Let's move from theory to practice and try using the MassTransit library to accomplish a task similar in functionality to the first example from the tutorial on RabbitMQ. We will write a simple console application in which two objects Publisher and Subscriber will interact. Publisher, when you press any key, will send a “KeyWasPressed” message and key code to the bus. Subscriber will capture this message from the bus and display it on the screen.


Let's go directly to the code. Messages sent to the bus are normal DTO objects. First of all, we need to create a class of the message itself, sent from the publisher to the subscriber. Let's call it KeyWasPressed.

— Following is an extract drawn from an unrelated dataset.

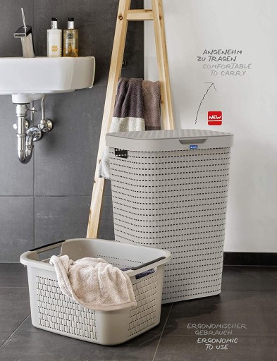 Kosz na bieliznę COUNTRY pomieści do 55 l prania i dzięki wąskiemu kształtowi zajmuje wyjątkowo mało miejsca. Jego ażurowa konstrukcja z rattanu prezentuje się elegancko i nowocześnie, jednocześnie zapewnia cyrkulację powietrza ze wszystkich czterech stron - a tym samym poprawę higieny. Dwa ergonomicznie zaprojektowane uchwyty po bokach umożliwiają łatwy transport pojemnika. Niska waga oraz wysokiej jakości obróbka bez narożników i krawędzi kosza na bieliznę zapewniają optymalny komfort. Kosz na bieliznę COUNTRY jest dostępny w różnych atrakcyjnych kolorach, które można dostosować do każdego otoczenia. Z tym pomocnikiem domowym zbierzesz brudną bieliznę w sposób dyskretny i oszczędzający miejsce!

public class KeyWasPressed { //       public ConsoleKey PressedKey { get; set; } } 

We now turn to writing a simple publisher (subscriber) and subscriber. The key element of the library is the ServiceBus. The ServiceBus in MassTransit is a messaging environment in which the RabbitMQ (or MSMQ) queue server is responsible for transporting messages. Our subscriber and publisher will be objects of this type - ServiceBus.

Subscriber.

  IServiceBus subscriber = ServiceBusFactory.New(sbc => { //        rabbitMq sbc.UseRabbitMq(); //            sbc.ReceiveFrom("rabbitmq://localhost/subscriber"); //   KeyWasPressed.   //      sbc.Subscribe(subs => subs.Handler<KeyWasPressed>(msg => Console.WriteLine("{0}{1}{2}{3}",Environment.NewLine,"Key '", msg.PressedKey, "' was pressed") )); }); 

Publisher.

 IServiceBus publisher = ServiceBusFactory.New(sbc => { //,        rabbitMq sbc.UseRabbitMq(); // ,       sbc.ReceiveFrom("rabbitmq://localhost/publisher"); }); 

MassTransit does not divide ServiceBus instances connected to the message server into publishers and subscribers; through each connected instance you can both publish and process messages. Therefore, we always need to specify a queue for receiving messages, although sometimes, as in the case of the publisher object, we are not going to receive anything.
Now we write an infinite loop in which each key pressed will be sent to the bus.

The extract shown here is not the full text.